Этот Джиминиус был идеален. И абсолютно пуст.
* * *
Джиминиус подошёл к стене, которая в следующий миг превратилась в огромную, мерцающую карту мультивселенной. Тысячи светящихся нитей расходились в стороны от одного тусклого, больного на вид, пульсирующего центра.
— Вот. Смотри, — он небрежно ткнул пальцем в этот центр. — Это вы. Хаотичная, нестабильная опухоль на теле реальности. Ты и твой костяной спутник носитесь по веткам, как пара лекарей-шарлатанов, пытаясь прижечь раны, которые сами же и расковыряли. Ваша цель, как я понимаю, — «схлопнуть» вселенные. Заставить их слиться обратно в одну.
— Д-да, — выдавил Проныра. — Смерть сказал…
— Смерть — бюрократ, — отрезал Джиминиус. — Он видит нарушение в документации и хочет его устранить самым очевидным способом. Но этот способ — грязный. Неэффективный. Это как пытаться вправить сломанную ногу ударом кувалды. Может, кость и встанет на место, но осколки разлетятся по всему организму. «Схлопывание» приведёт к непредсказуемым нарративным резонансам. Остаточным парадоксам. Это не решение. Это маскировка симптомов.
Он повернулся к Проныре. В его глазах блеснул фанатичный огонь учёного, нашедшего единственно верный, элегантный ответ.
— Есть более чистое решение.
Он снова указал на карту, на их тусклую, мерцающую реальность.
— Единственный способ вылечить болезнь — это уничтожить источник заражения.

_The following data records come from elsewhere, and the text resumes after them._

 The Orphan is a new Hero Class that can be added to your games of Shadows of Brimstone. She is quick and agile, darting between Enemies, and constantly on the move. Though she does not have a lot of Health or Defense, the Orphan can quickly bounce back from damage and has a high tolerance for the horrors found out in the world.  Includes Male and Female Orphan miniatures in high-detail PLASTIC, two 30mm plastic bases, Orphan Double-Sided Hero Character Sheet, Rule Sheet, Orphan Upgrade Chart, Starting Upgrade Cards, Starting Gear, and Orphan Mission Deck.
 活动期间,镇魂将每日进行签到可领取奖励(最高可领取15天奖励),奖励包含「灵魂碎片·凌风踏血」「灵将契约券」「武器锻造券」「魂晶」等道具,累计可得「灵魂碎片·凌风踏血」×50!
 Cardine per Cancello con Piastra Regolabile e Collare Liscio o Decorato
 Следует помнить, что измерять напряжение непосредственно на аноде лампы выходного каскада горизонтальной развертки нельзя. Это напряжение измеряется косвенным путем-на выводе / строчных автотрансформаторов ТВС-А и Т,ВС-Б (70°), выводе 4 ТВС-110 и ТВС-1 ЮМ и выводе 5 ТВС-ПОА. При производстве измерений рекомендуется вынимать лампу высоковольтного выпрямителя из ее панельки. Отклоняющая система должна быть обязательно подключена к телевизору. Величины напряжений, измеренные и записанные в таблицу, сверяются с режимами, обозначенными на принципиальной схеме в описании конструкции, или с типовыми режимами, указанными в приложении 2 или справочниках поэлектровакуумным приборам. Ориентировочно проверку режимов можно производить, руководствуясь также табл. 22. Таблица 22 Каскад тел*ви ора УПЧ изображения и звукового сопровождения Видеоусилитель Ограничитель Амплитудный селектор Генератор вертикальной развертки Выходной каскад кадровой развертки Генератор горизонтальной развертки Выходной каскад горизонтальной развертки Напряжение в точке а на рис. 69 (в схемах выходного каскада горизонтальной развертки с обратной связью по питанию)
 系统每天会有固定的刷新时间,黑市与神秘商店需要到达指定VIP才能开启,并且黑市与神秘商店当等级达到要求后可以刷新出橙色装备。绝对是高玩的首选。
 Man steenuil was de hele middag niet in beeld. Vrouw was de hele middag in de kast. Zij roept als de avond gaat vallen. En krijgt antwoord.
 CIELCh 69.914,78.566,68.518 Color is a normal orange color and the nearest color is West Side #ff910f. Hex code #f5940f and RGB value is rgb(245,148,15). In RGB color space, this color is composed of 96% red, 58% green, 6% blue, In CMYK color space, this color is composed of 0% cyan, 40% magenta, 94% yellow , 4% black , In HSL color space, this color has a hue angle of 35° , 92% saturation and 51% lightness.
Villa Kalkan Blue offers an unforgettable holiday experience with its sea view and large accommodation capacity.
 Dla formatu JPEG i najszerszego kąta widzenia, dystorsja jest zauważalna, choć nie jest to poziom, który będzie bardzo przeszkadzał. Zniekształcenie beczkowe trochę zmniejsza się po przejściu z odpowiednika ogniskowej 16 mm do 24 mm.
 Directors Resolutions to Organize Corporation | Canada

Игрушку не чинят, когда она безнадёжно сломана, Джим. Её выбрасывают.
Проныра почувствовал, как по спине пробежал холодок, не имеющий ничего общего с температурой в комнате.
— Что… что ты хочешь сказать?
— Я разработал метод, — в голосе Джиминиуса прозвучала нескрываемая гордость. — Я назвал его Нарративный Аннигилятор. Он не просто убьёт тебя. Смерть — это банально и неэффективно. Он вернётся к точке ноль и вырежет её из ткани реальности. Твой мир, твои жалкие воспоминания, твоя дурацкая шляпа, сам факт твоего провала — всё это просто перестанет когда-либо существовать. Испарится. Как дурной сон, который забываешь, едва открыв глаза.
Он обвёл рукой свой идеальный кабинет, сияющий город за окном.
— А моя реальность, — в его голосе прозвенела сталь, — единственная, достигшая истинного потенциала, станет… изначальной. Единственно верной.
Он не рассмеялся, как злодей из дешёвой пьесы. Он говорил как хирург, объясняющий необходимость ампутации. Логично. Рационально. И от этого было в тысячу раз страшнее.
Мысли в голове Проныры споткнулись и замолчали. Он поймал себя на том, что пытается подсчитать стоимость обсидианового стола, но цифры не складывались в привычный, успокаивающий итог. Побег? Сама эта идея казалась чем-то немыслимым, требующим нечеловеческих усилий. Как попытка доплыть до другого берега океана, когда ты даже не уверен, в какой стороне суша.
И тут Смерть, который всё это время стоял в углу, молчаливый и неподвижный, как забытая вешалка, сделал один-единственный шаг вперёд. В абсолютной тишине комнаты звук костяной стопы, коснувшейся пола, прозвучал как удар похоронного колокола.
— ВАШ ПЛАН ИМЕЕТ ОДИН СТРУКТУРНЫЙ НЕДОСТАТОК, АРХИМАГ.